(Paper under review at a conference location)
Traffic monitoring is crucial for urban mobility, road safety, and intelligent transportation systems (ITS). Deep learning has advanced video-based traffic monitoring through video question answering (VideoQA) models, enabling structured insight extraction from traffic videos. However, existing VideoQA models struggle with the complexity of real-world traffic scenes, where multiple concurrent events unfold across spatiotemporal dimensions. To address these challenges, this paper introduces InterAct VideoQA, a curated dataset designed to benchmark and enhance VideoQA models for traffic monitoring tasks. The InterAct VideoQA dataset comprises 8 hours of real-world traffic footage collected from diverse intersections, segmented into 10-second video clips, with over 25,000 question-answer (QA) pairs covering spatiotemporal dynamics, vehicle interactions, incident detection, and other critical traffic attributes. State-of-the-art VideoQA models are evaluated on InterAct VideoQA, exposing challenges in reasoning over fine-grained spatiotemporal dependencies within complex traffic scenarios. Additionally, fine-tuning these models on InterAct VideoQA yields notable performance improvements, demonstrating the necessity of domain-specific datasets for VideoQA. InterAct VideoQA is publicly available as a benchmark dataset to facilitate future research in real-world-deployable VideoQA models for intelligent transportation systems.

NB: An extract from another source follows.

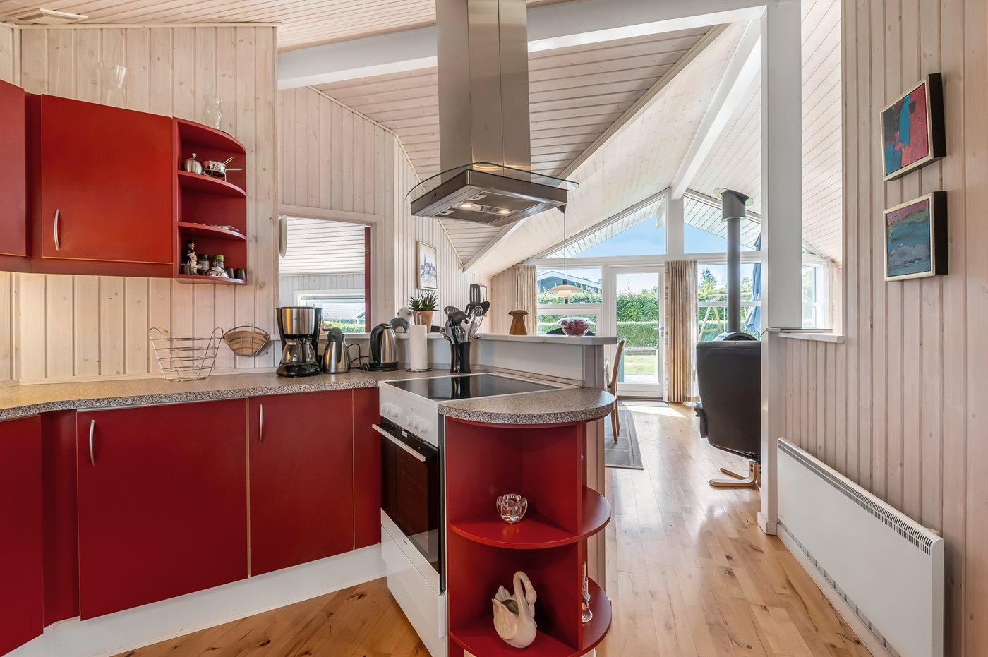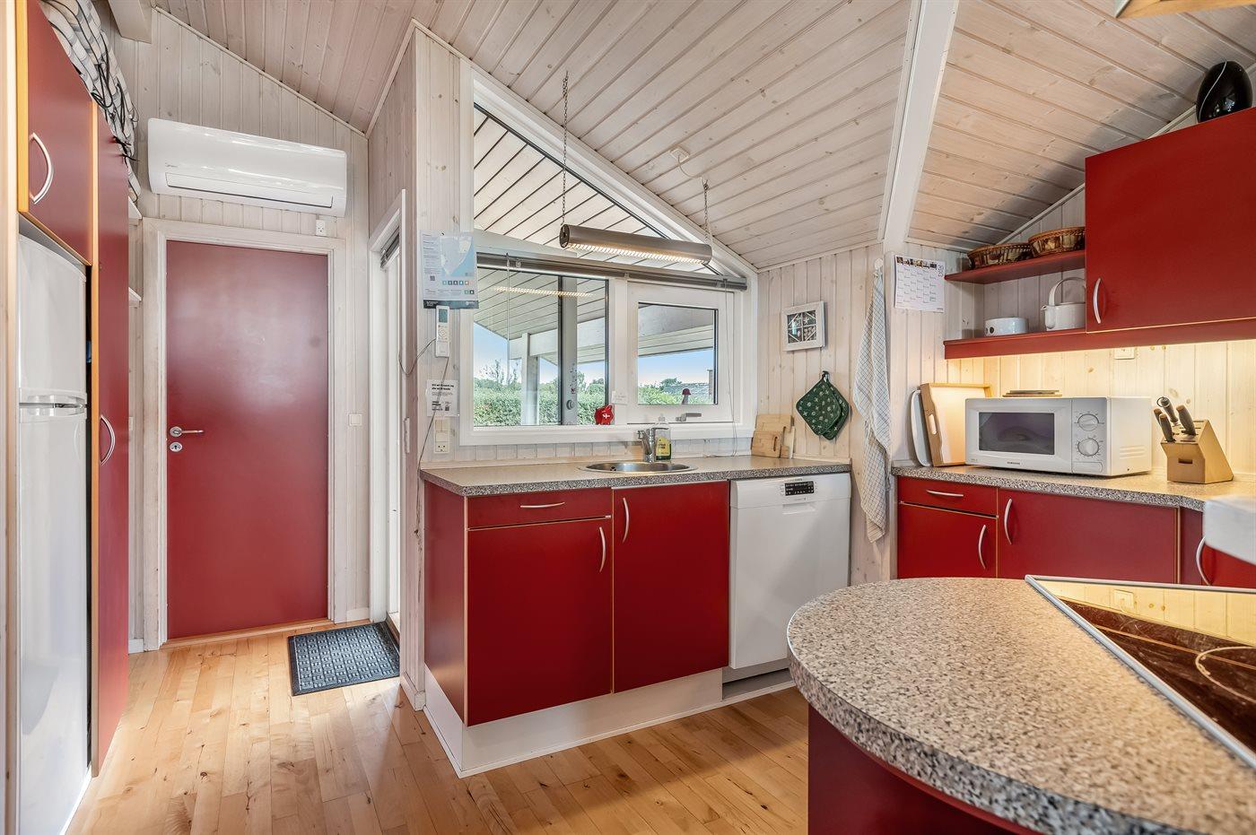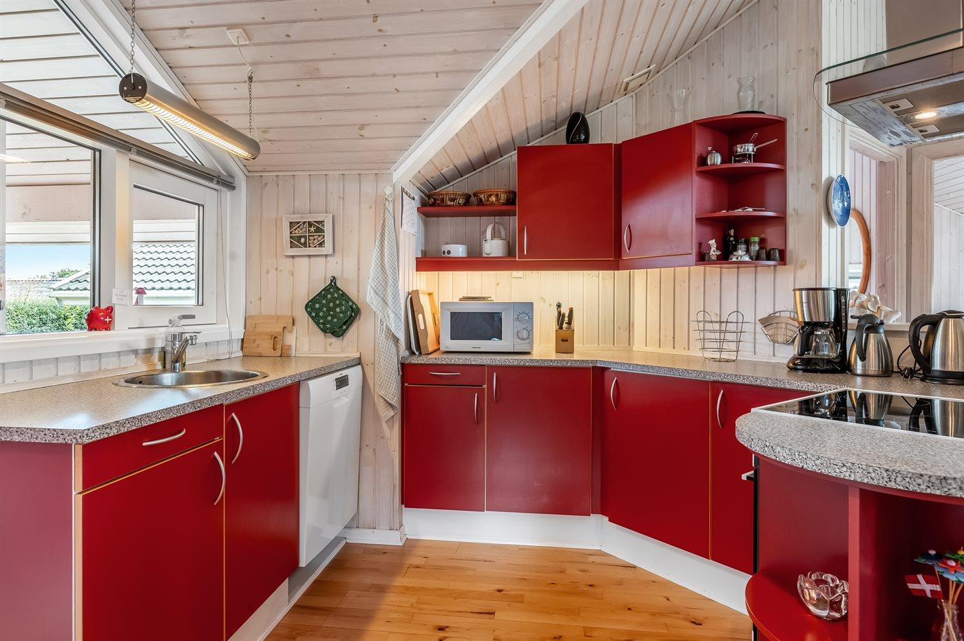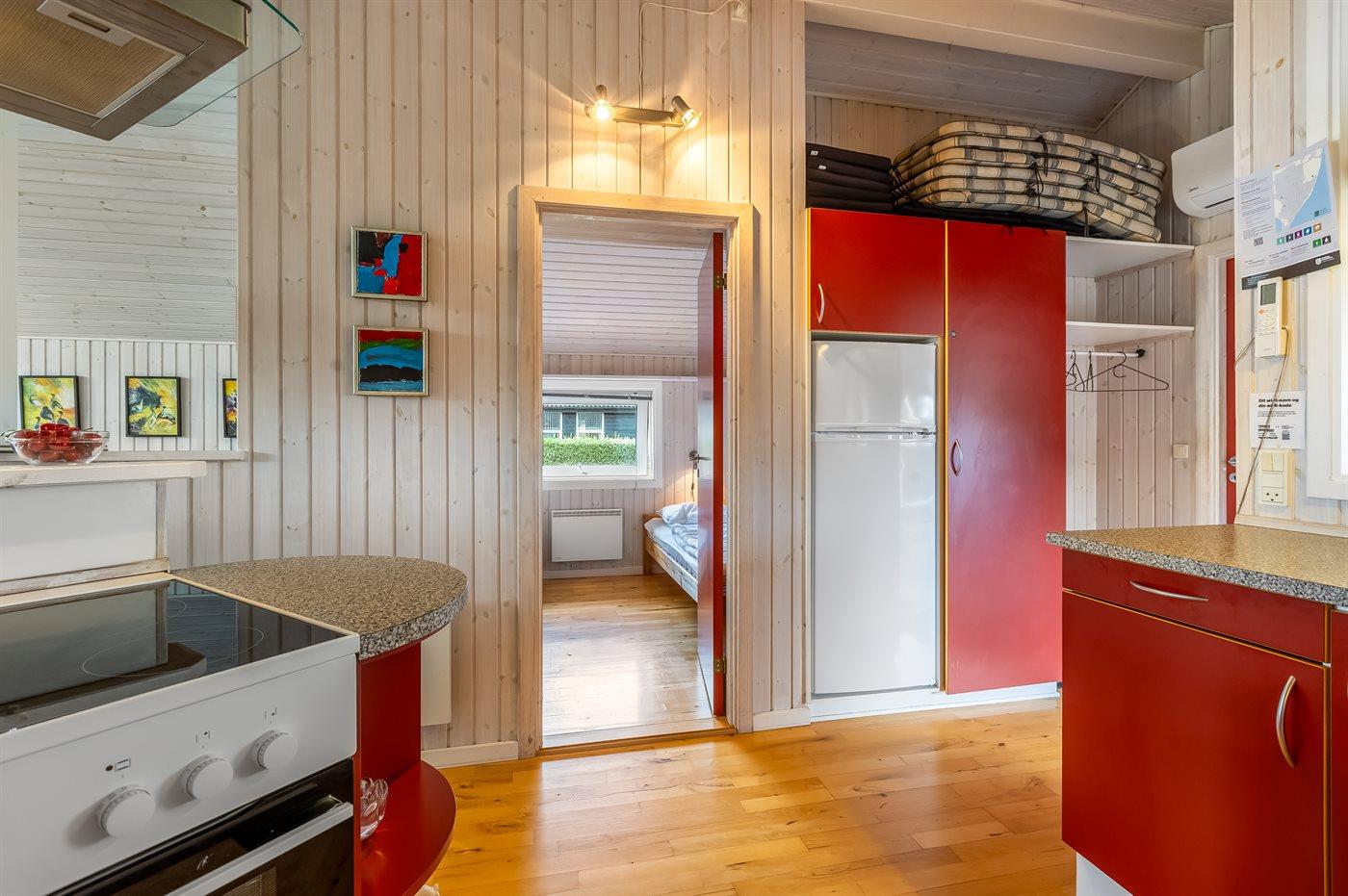 Køkkenet er udstyret med 1 køleskab. Der er 4 keramiske kogeplader, varmluftovn, mikrobølgeovn samt opvaskemaskine.

Overview of the InterAct VideoQA data collection framework, integrating traffic video recording and processing with a hybrid approach combining manual labeling and GPT-based automation. The pipeline segments eight hours of footage into 10-second clips, extracts key metadata (e.g., vehicle attributes, movement patterns, pedestrian data), and generates structured question-answer pairs covering attribution, counting, reverse reasoning, event reasoning, and counterfactual inference.
Overview of the InterAct VideoQA dataset, which comprises 28,800 question-answer pairs across various reasoning categories. A higher concentration appears in counting, attribute recognition, and event reasoning, followed by counterfactual inference and reverse reasoning (3a). Figures 3(b)-(d) illustrate the dataset's emphasis on vehicular-related questions, the dominance of attribution and event reasoning categories, and the distribution of question types (“what,” “where,” and “how”). This structured approach supports the analysis of complex, multi-event traffic scenarios, requiring robust spatio-temporal reasoning. A rigorous human and GPT-assisted validation process ensures the consistency, accuracy, and reliability of all annotations.
Performance analysis of VideoLlama2, Llava-NeXT-Video, and Qwen2-VL-7B-hf on the InterAct VideoQA dataset, highlighting metric distributions (a), before vs. after fine-tuning (b), and multi-metric improvements (c). Notably, Qwen2-VL-7B-hf demonstrates the most substantial gains across complex reasoning tasks, emphasizing the effectiveness of fine-tuning for robust traffic video analysis.